Activity: Without the images, write out the whole listing exactly.

┌──

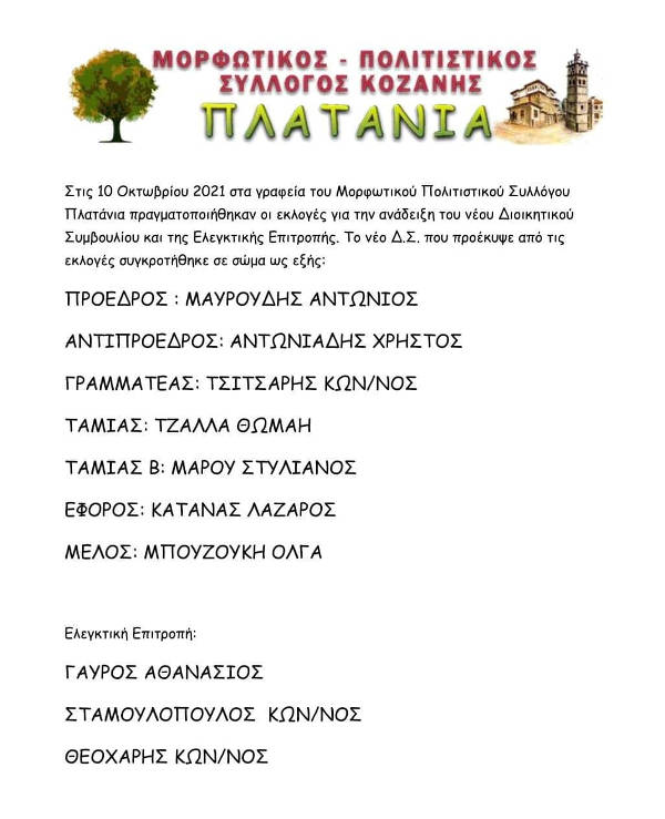 Το νέο Δ.Σ. του Μορφωτικού Πολιτιστικού Συλλόγου Πλατάνια:
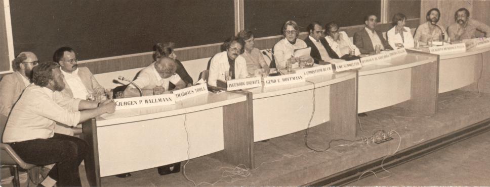 À esquerda da mesa, Jurgen Heye (Letras), no lado direito da mesa, Gilberto Mendonça Telles, Affonso Romano de Sant anna, Ferreira Gullar
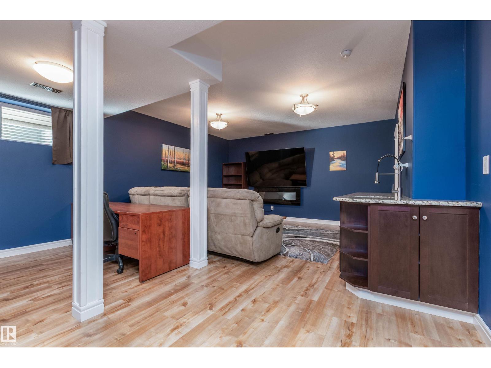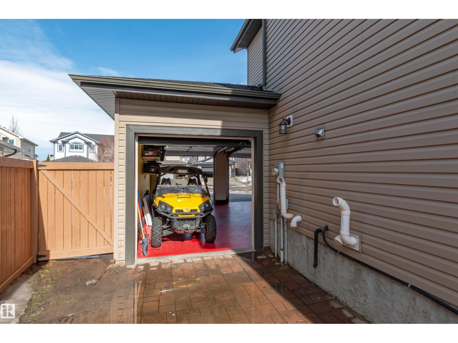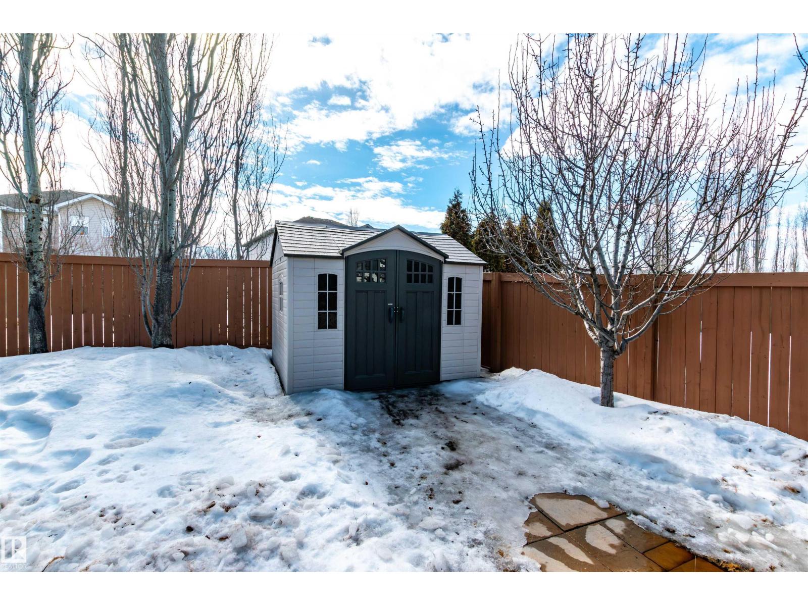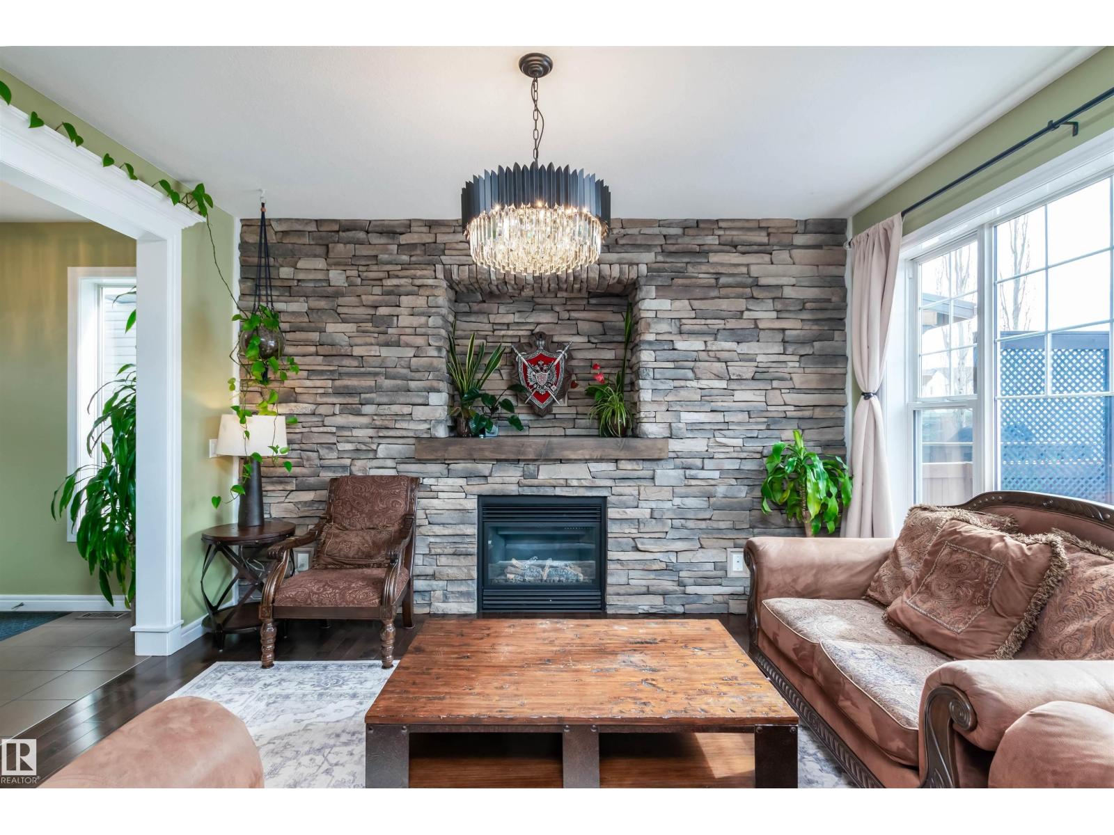 Did you say Oversized Triple Garage?? This immaculately appointed 4 bed, 3 1/2 bath 2 storey beauty, in the family friendly Fort Sask. comm. of Westpark, checks all the boxes. Once you get past the impressive and uber functional triple garage (heated and w/ 2 fl. drains and h/c water bibs), you are presented with a luxurious open concept main floor living, kitch. and eating space. The FULL WALL, floor to ceiling stone fireplace offers a unique living and entertainment area normally reserved for exclusive estate properties. So much natural light!! A well appointed kitchen with gas range, ceiling high cabinets, bar seating, and granite counters, looks directly out to an amazing outdoor gazebo covered deck w/ step in tub. The large primary bed. w/ luxury 4 pce ensuite (sep. tub and shower) sets the romantic mood. Spacious bonus room area for family entertainment. Fully finished basement w/ wet bar, and an additional bedr., full bath, and family room. Close to parks and walking trails!! Raise a family here!! (id:51989)
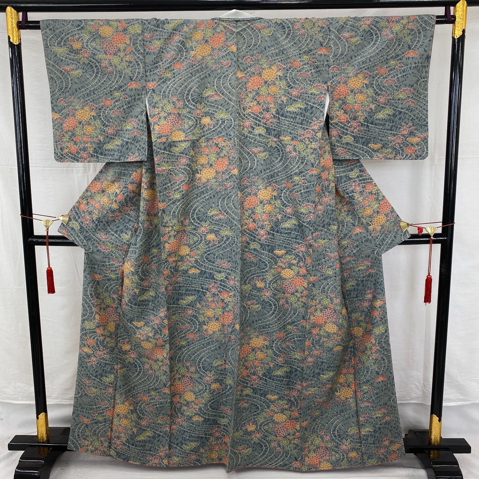 Japanese Vintage Kimono Silk Blue Komon Traditional Authentic Length 62 in
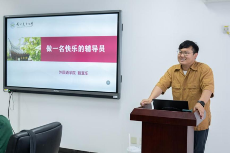 “学工会诊”环节由外国语学院团委书记甄亚乐作题为“辅导员素养的自我提升与压力的自我管理”的工作经验分享。他从学生工作的成就感来源、压力情绪的自我调适、辅导员工作实务的主动学习等方面,分享了如何做好辅导员素质能力的自我提升与规划,并针对辅导员面临的工作困惑,结合自身经历分享了工作建议。
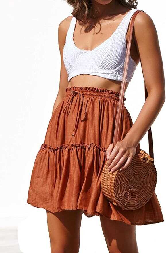 • STYLISH DESIGN: Polka dot print makes you more fashion. High elastic waist makes you more attractive. Ruffle makes this skirt simple but elegant and classy, helps you show your unique charming.
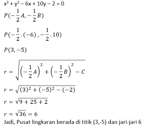Sebuah lingkaran memiliki persamaan x2 + y2 – 6x + 10y – 2 = 0, pusat dan jari-jari lingkaran tersebut berturut-turut adalah ....
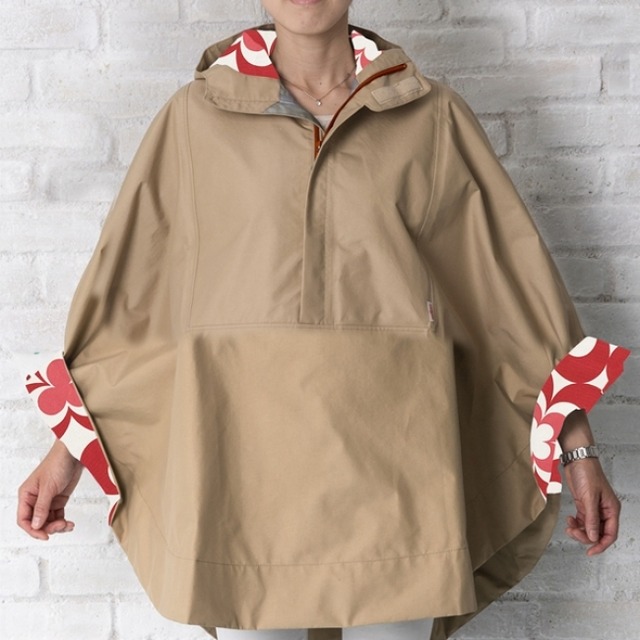 ●袖とフードの裏には北欧柄の生地を使用。 袖をまくればトレンチコートのように街歩きにも出かけられる可愛さに変身します。
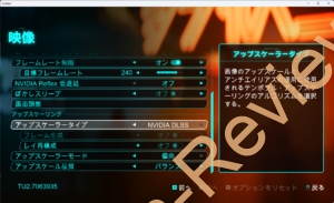 グラフィック設定に「DLSS周りの設定」が無いな…と思ったら「グラフィック」ではなく「映像」という良く分からん項目に「DLSS周りの設定」が有りました。そこ分ける必要性…。
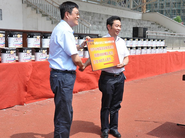 2013年6月28日上午,一場(chǎng)傳遞正能量的捐贈(zèng)活動(dòng)在四川省雅安市蘆山中學(xué)的操場(chǎng)上舉行,東莞大寶化工制品有限公司向蘆山地震災(zāi)區(qū)的教育系統(tǒng)捐贈(zèng)了5000桶環(huán)保油漆,總價(jià)值160萬(wàn)元。陳春華總經(jīng)理、葉子琛執(zhí)行經(jīng)理等領(lǐng)導(dǎo)出席儀式,蘆山縣教育局局長(zhǎng)朱文華作為代表接受捐贈(zèng)。
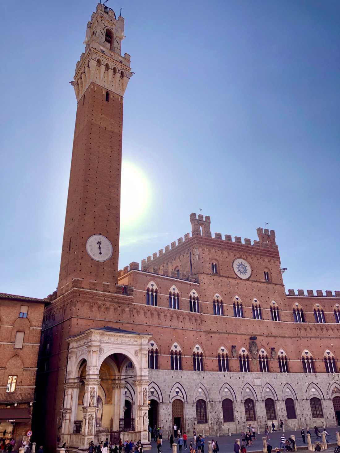 We walked around a bit more before arriving at the Piazza di Campo which is the site of the famous horse races of Siena. There are 2 races each year, one July 2 and one August 16. There are 10 horses in the race each from a different neighborhood. This year, the August race was won by the rhinoceros neighborhood and the horse won without a racer. There are many many more facts I can list but I won’t for your sake as this blog is already quite lengthy. If you’re interested send me a note and I can elaborate. For now pictures of the square!
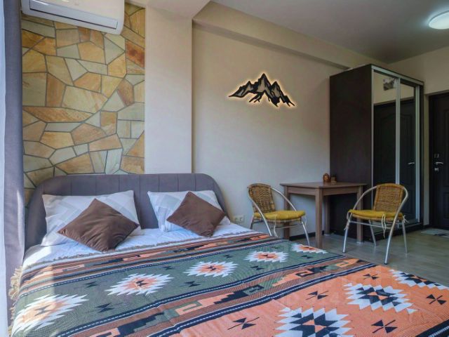 Дом-шале "Музыка реки" расположен на высоком берегу речки Бешенка в центре Красной Поляны. Квартира занимает весь первый этаж дома. Из панорамных окон и открытой лоджии-террасы открывается красивый вид на горный хребет и кругозор Ефремова, который абсолютно ничего не загораживает. Под окнами шумит горная речка, поют птицы. 3 отдельные спальни, каждая со своим санузлом, в том числе один санузел с ванной и кедровой бочкой! Комфортные двуспальные кровати готовы разместить по 2 гостя (общее количество гостей до 6 человек). Дети до 3-х лет размещаются бесплатно с родителями на имеющихся спальных местах. Дети старше 3-х лет размещаются как взрослые. Одна детская кровать предоставляется по запросу. В каждой спальне оборудованы просторные шкафы, письменные столы из натурального массива дерева. Сердцем квартиры является большая гостиная-столовая с живым камином. Стол из натуральных материалов (мрамор и массив бука) соберет большую семью за вкусным обедом. В квартире имеется все необходимое для комфортного проживания: Полностью оборудованная всем необходимым кухня: кофемашина, посудомоечная машина, варочная поверхность 4 конфорки,тостер, духовка, современная посуда и столовые приборы; Живой камин на дровах; быстрый интернет Wi-Fi; Smart TV 65"; Стирально-сушильная машина-автомат; Фены в каждой ванной комнате; В ванной комнате установлена кедровая бочка; Утюг и гладильная доска; Полотенца и ванные принадлежности; Постельное белье и ортопедические матрасы; Теплый пол по всей площади квартиры; Приточно-вытяжная вентиляция; Кондиционер и потолочные вентиляторы. Отдельная комната для сушки горнолыжной одежды и обуви. Квартира расположена в центре Красной Поляны у остановки Часовня. В 100 метрах находится 3 продуктовых сетевых магазина, рестораны, кафе и кофейни в шаговой доступности. Парковка для 1 автомобиля во дворе дома, для остальных свободная парковка вдоль улицы. Примечание к стоимости: Основной залог 15000 рублей вносится при заезде, возвращается в день выезда после уборки. При размещении с животными дополнительный залог +15000 рублей и +3000 уборка.

└──

Response below:
 Το νέο Δ.Σ. του Μορφωτικού Πολιτιστικού Συλλόγου Πλατάνια:
 À esquerda da mesa, Jurgen Heye (Letras), no lado direito da mesa, Gilberto Mendonça Telles, Affonso Romano de Sant anna, Ferreira Gullar
 Did you say Oversized Triple Garage?? This immaculately appointed 4 bed, 3 1/2 bath 2 storey beauty, in the family friendly Fort Sask. comm. of Westpark, checks all the boxes. Once you get past the impressive and uber functional triple garage (heated and w/ 2 fl. drains and h/c water bibs), you are presented with a luxurious open concept main floor living, kitch. and eating space. The FULL WALL, floor to ceiling stone fireplace offers a unique living and entertainment area normally reserved for exclusive estate properties. So much natural light!! A well appointed kitchen with gas range, ceiling high cabinets, bar seating, and granite counters, looks directly out to an amazing outdoor gazebo covered deck w/ step in tub. The large primary bed. w/ luxury 4 pce ensuite (sep. tub and shower) sets the romantic mood. Spacious bonus room area for family entertainment. Fully finished basement w/ wet bar, and an additional bedr., full bath, and family room. Close to parks and walking trails!! Raise a family here!! (id:51989)
 Japanese Vintage Kimono Silk Blue Komon Traditional Authentic Length 62 in
 “学工会诊”环节由外国语学院团委书记甄亚乐作题为“辅导员素养的自我提升与压力的自我管理”的工作经验分享。他从学生工作的成就感来源、压力情绪的自我调适、辅导员工作实务的主动学习等方面,分享了如何做好辅导员素质能力的自我提升与规划,并针对辅导员面临的工作困惑,结合自身经历分享了工作建议。
 • STYLISH DESIGN: Polka dot print makes you more fashion. High elastic waist makes you more attractive. Ruffle makes this skirt simple but elegant and classy, helps you show your unique charming.
Sebuah lingkaran memiliki persamaan x2 + y2 – 6x + 10y – 2 = 0, pusat dan jari-jari lingkaran tersebut berturut-turut adalah ....
 ●袖とフードの裏には北欧柄の生地を使用。 袖をまくればトレンチコートのように街歩きにも出かけられる可愛さに変身します。
 グラフィック設定に「DLSS周りの設定」が無いな…と思ったら「グラフィック」ではなく「映像」という良く分からん項目に「DLSS周りの設定」が有りました。そこ分ける必要性…。
 2013年6月28日上午,一場(chǎng)傳遞正能量的捐贈(zèng)活動(dòng)在四川省雅安市蘆山中學(xué)的操場(chǎng)上舉行,東莞大寶化工制品有限公司向蘆山地震災(zāi)區(qū)的教育系統(tǒng)捐贈(zèng)了5000桶環(huán)保油漆,總價(jià)值160萬(wàn)元。陳春華總經(jīng)理、葉子琛執(zhí)行經(jīng)理等領(lǐng)導(dǎo)出席儀式,蘆山縣教育局局長(zhǎng)朱文華作為代表接受捐贈(zèng)。
 We walked around a bit more before arriving at the Piazza di Campo which is the site of the famous horse races of Siena. There are 2 races each year, one July 2 and one August 16. There are 10 horses in the race each from a different neighborhood. This year, the August race was won by the rhinoceros neighborhood and the horse won without a racer. There are many many more facts I can list but I won’t for your sake as this blog is already quite lengthy. If you’re interested send me a note and I can elaborate. For now pictures of the square!
 Дом-шале "Музыка реки" расположен на высоком берегу речки Бешенка в центре Красной Поляны. Квартира занимает весь первый этаж дома. Из панорамных окон и открытой лоджии-террасы открывается красивый вид на горный хребет и кругозор Ефремова, который абсолютно ничего не загораживает. Под окнами шумит горная речка, поют птицы. 3 отдельные спальни, каждая со своим санузлом, в том числе один санузел с ванной и кедровой бочкой! Комфортные двуспальные кровати готовы разместить по 2 гостя (общее количество гостей до 6 человек). Дети до 3-х лет размещаются бесплатно с родителями на имеющихся спальных местах. Дети старше 3-х лет размещаются как взрослые. Одна детская кровать предоставляется по запросу. В каждой спальне оборудованы просторные шкафы, письменные столы из натурального массива дерева. Сердцем квартиры является большая гостиная-столовая с живым камином. Стол из натуральных материалов (мрамор и массив бука) соберет большую семью за вкусным обедом. В квартире имеется все необходимое для комфортного проживания: Полностью оборудованная всем необходимым кухня: кофемашина, посудомоечная машина, варочная поверхность 4 конфорки,тостер, духовка, современная посуда и столовые приборы; Живой камин на дровах; быстрый интернет Wi-Fi; Smart TV 65"; Стирально-сушильная машина-автомат; Фены в каждой ванной комнате; В ванной комнате установлена кедровая бочка; Утюг и гладильная доска; Полотенца и ванные принадлежности; Постельное белье и ортопедические матрасы; Теплый пол по всей площади квартиры; Приточно-вытяжная вентиляция; Кондиционер и потолочные вентиляторы. Отдельная комната для сушки горнолыжной одежды и обуви. Квартира расположена в центре Красной Поляны у остановки Часовня. В 100 метрах находится 3 продуктовых сетевых магазина, рестораны, кафе и кофейни в шаговой доступности. Парковка для 1 автомобиля во дворе дома, для остальных свободная парковка вдоль улицы. Примечание к стоимости: Основной залог 15000 рублей вносится при заезде, возвращается в день выезда после уборки. При размещении с животными дополнительный залог +15000 рублей и +3000 уборка.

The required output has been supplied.